- The Washington Times - Monday, April 1, 2002

JAKARTA, Indonesia The Indonesian military is exerting subtle but increasing influence over the civilian administration of President Megawati Sukarnoputri, human rights activists here say.
"It's as if the military is still in power, or trying to attain power again," said Albert Hasibuan of the Indonesian National Commission on Human Rights.
The military says it has no interest in politics, but Mr. Hasibuan and other observers express concern about several recent developments, including the presence of several retired military men in Mrs. Megawati's Cabinet and the refusal of senior officers to testify before the rights panel investigating the deaths of 30 civilians.
These concerns arise as some U.S. officials express hopes of forging closer ties with the Indonesian military to help fight the global war on terrorism, despite congressional restrictions on such ties, which were put in place during the Indonesian-backed violence in East Timor three years ago.
H.S. Dillon, who investigated the East Timor atrocities for the human rights panel, said loyalists of former armed forces commander Gen. Wiranto are "testing the waters" to see how far they can push the civilian government.
Gen. Wiranto was fired as armed forces commander by then-President Abdurrahman Wahid when Mr. Dillon and his team recommended that Jakarta military officers be held responsible for the violence in East Timor.
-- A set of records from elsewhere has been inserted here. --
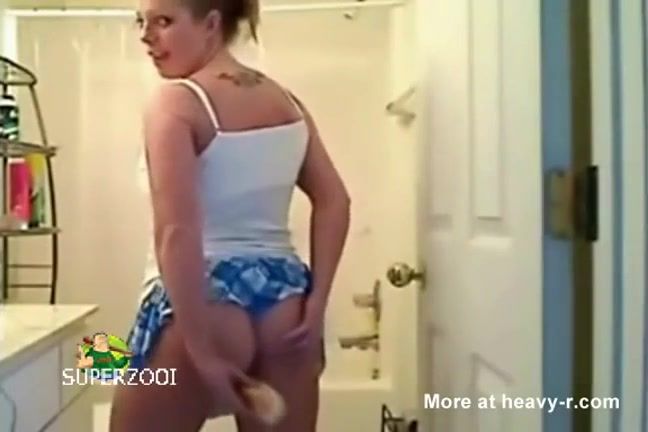 Milf spreads her butt cheeks wide opened so she can easily poop on bathroom floor.
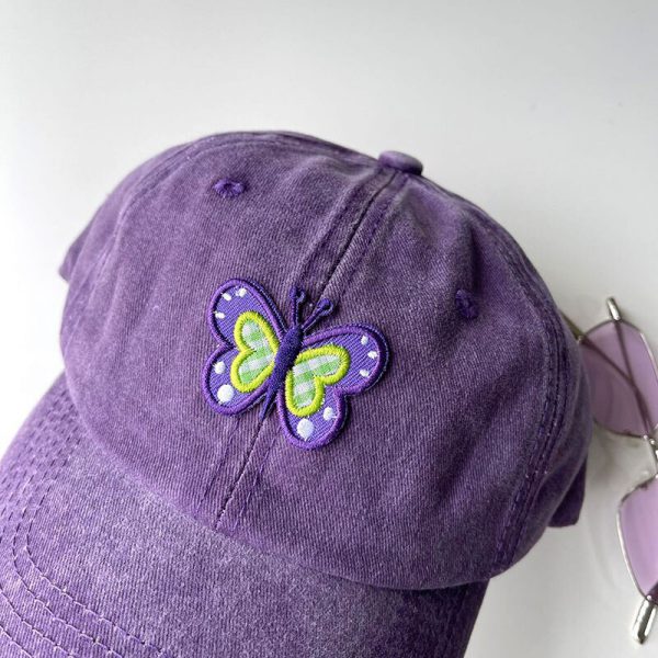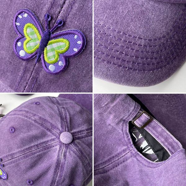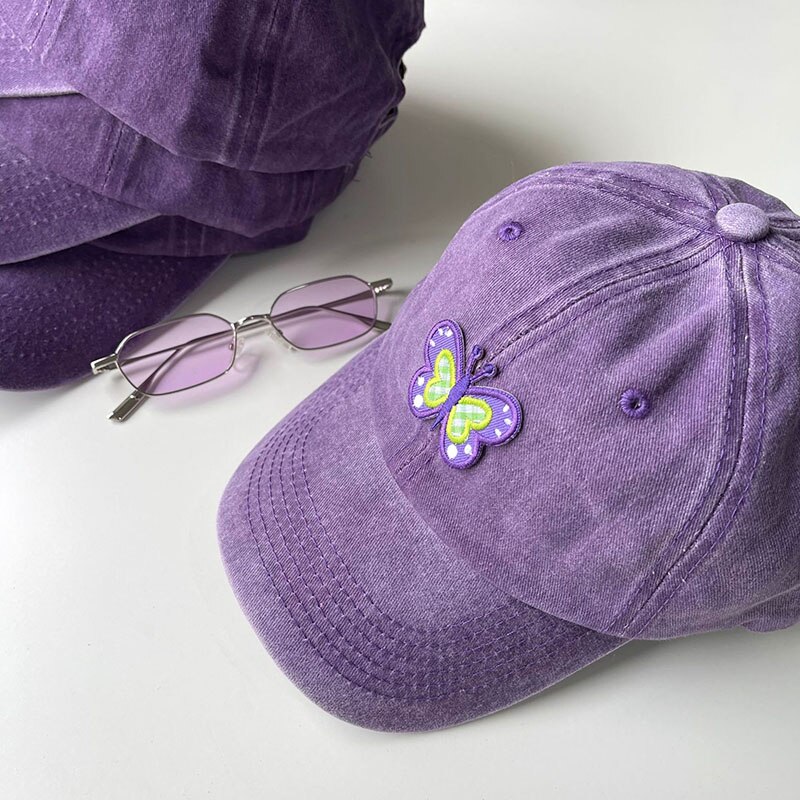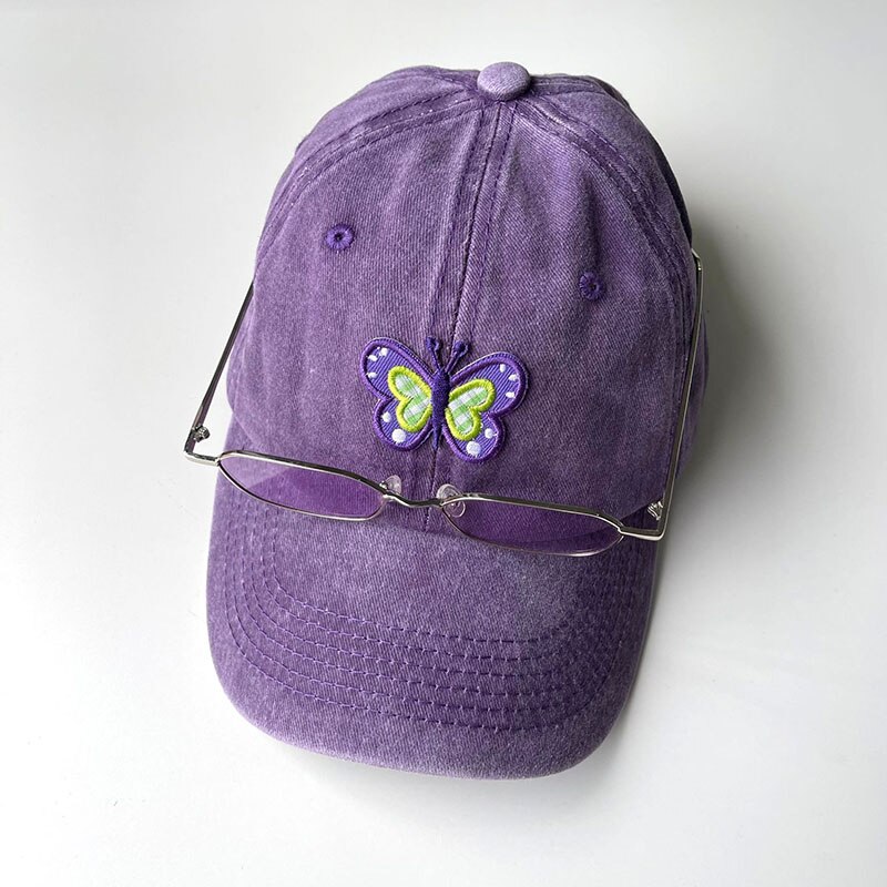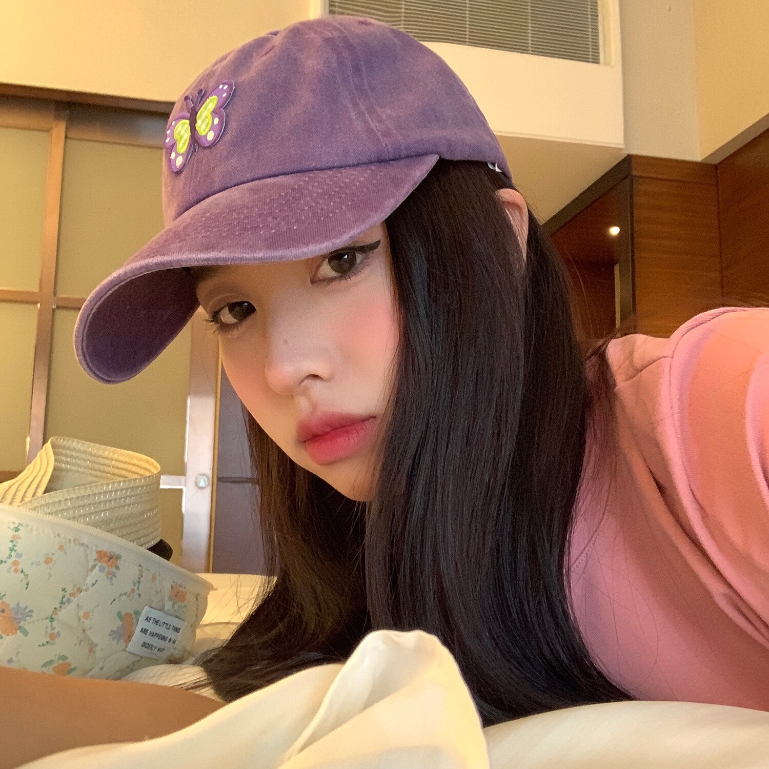 Retro Korean Purple Butterfly Women Baseball Hat Soft Cotton Snapback Sun Visors Cap Fashion Kpop Egirl Adjustable Peaked Caps
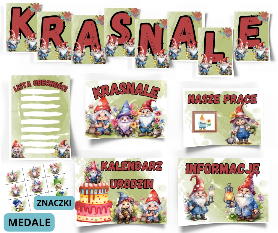 Pakiet dla grupy Krasnoludki / Krasnale to komplet gotowych materiałów do dekoracji sali przedszkolnej. Przyjazna grafika z krasnalami nadaje przestrzeni ciepłego, bajkowego charakteru i wspiera codzienną organizację. Wszystkie elementy są gotowe do wydruku i natychmiastowego użycia.
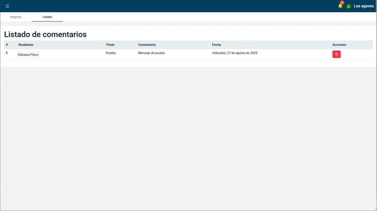 Un espacio para que los administrativos o mesa directiva pueda leer los comentarios que envían los residentes y puedan atender el tema personalmente.
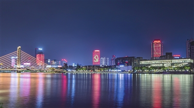 第二届中国—中东欧国家博览会如期而至,近日,精彩的光影秀在三江口区域上演,以璀璨的灯光迎接八方来客,用光影展现“一带一路”元素,为市民游客带来视觉盛宴。王涛 摄
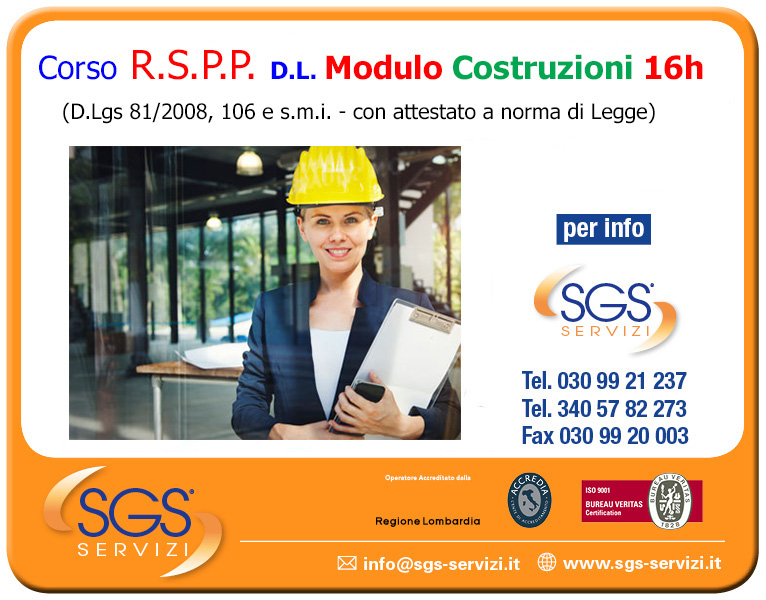 Corso Modulo integrativo da ore 16 per Datori di Lavoro che svolgono direttamente l' incarico di R.S.P.P. nel settore "Costruzioni" (D. Lgs 81 del 09 aprile 2008 art.37 comma 7 e dell’Accordo del 17 aprile 2025 n.59/CSR sancito in Conferenza tra lo Stato le Regioni e le Province Autonome di Trento e Bolzano e valido su tutto il territorio nazionale).
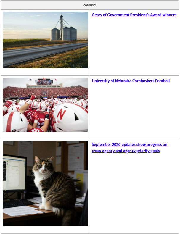 This type of carousel is typically used to display articles on the page. To do that, you need to put the image in the first column and a level 3 heading with a link in the second column of the Carousel block.
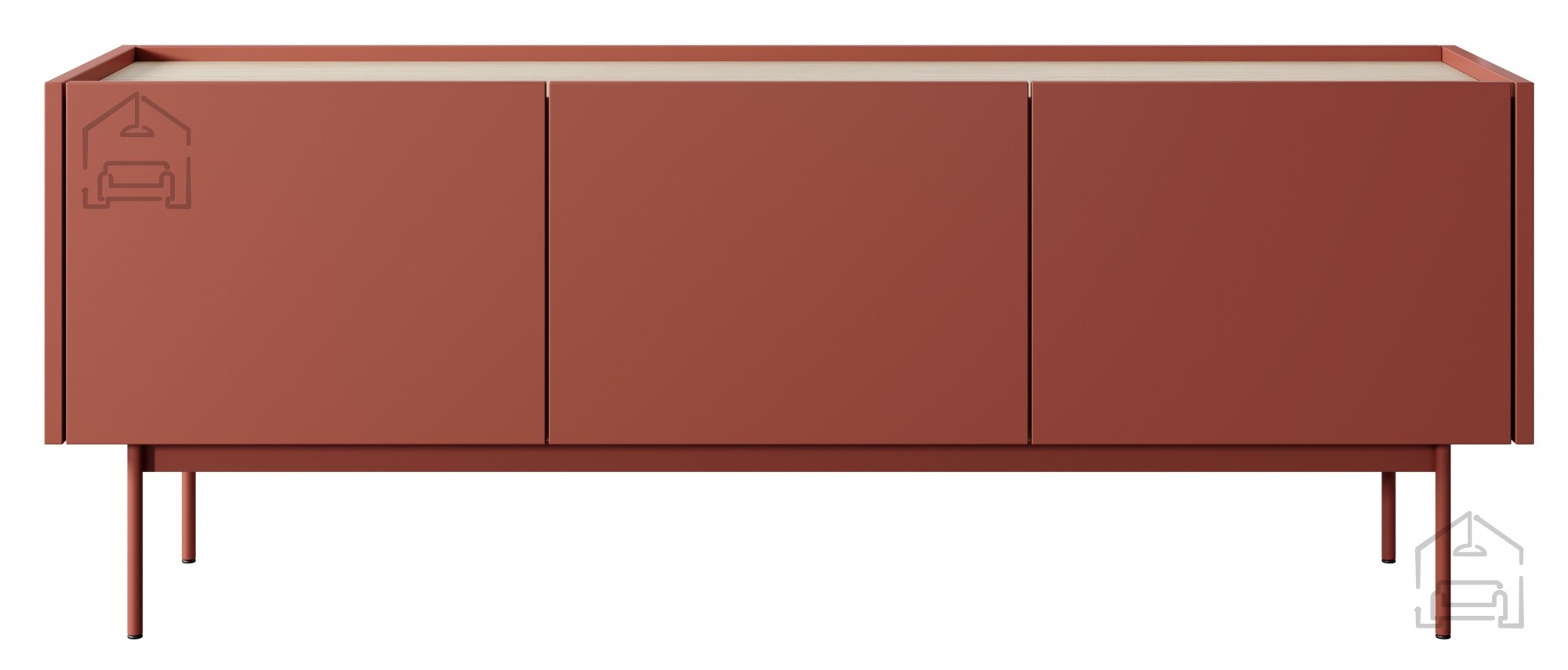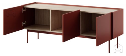 DescriptionMaterial: laminirana iverna plošča 16 mm Barva: Rdeča/Linea hrast Noge: Kovinski Tiho zapiranje

"He was out of commission, out of action, and now he is rallying his troops," said Mr. Dillon, who sees Gen. Wiranto's influence behind the appointment of Maj. Gen. Sjafrie Sjamsoeddin as the new armed forces spokesman, and military officers' rejection of summonses to appear before the rights panel.
Gen. Sjamsoeddin, Gen. Wiranto and 16 other military and police officers refused to be questioned because, they said, the committee was without legal foundation.
"The Indonesian armed forces respect the supremacy of law," said a lieutenant colonel, who declined to be named. He denied that Gen. Wiranto had backed Gen. Sjamsoeddin's appointment. "There is nobody behind it," he said.
Mr. Hasibuan's report, issued last week, recommended that 50 high- and middle-ranking military and police officers be charged with crimes against humanity for the killing of 30 civilians, most of them students, in 1998. Gen. Sjamsoeddin was the Jakarta military commander at the time.
According to Australian author James Dunn, Gen. Sjamsoeddin was among the senior Indonesian officers who backed the anti-independence militias that conducted a campaign of intimidation in advance of the 1999 referendum in East Timor.
However, Gen. Sjamsoeddin is not among the 18 suspects on trial or awaiting trial at a special court hearing charges of human rights abuses in East Timor.
Tamrin Amal Tomagola, a prominent sociologist, said Gen. Sjamsoeddin's appointment as the military spokesman is a further sign that the military has strengthened its influence in government since Mrs. Megawati replaced Mr. Wahid in a parliamentary vote in July.
"Quite a number of military men are in her Cabinet, and in very strategic positions," he said, citing the home-affairs minister and the civilian attorney general as two ministers who purportedly have Gen. Wiranto's backing.
Among the retired military men in the Megawati Cabinet are Susilo Bambang Yudhoyono, the top security minister, and A.M. Hendropriyono, who heads the national intelligence agency.
The Sydney Morning Herald reported recently that secret Australian communications intercepts show that Mr. Hendropriyono helped to arrange the forced deportation of well over 200,000 East Timorese after the August 1999 vote. He was never charged in the case.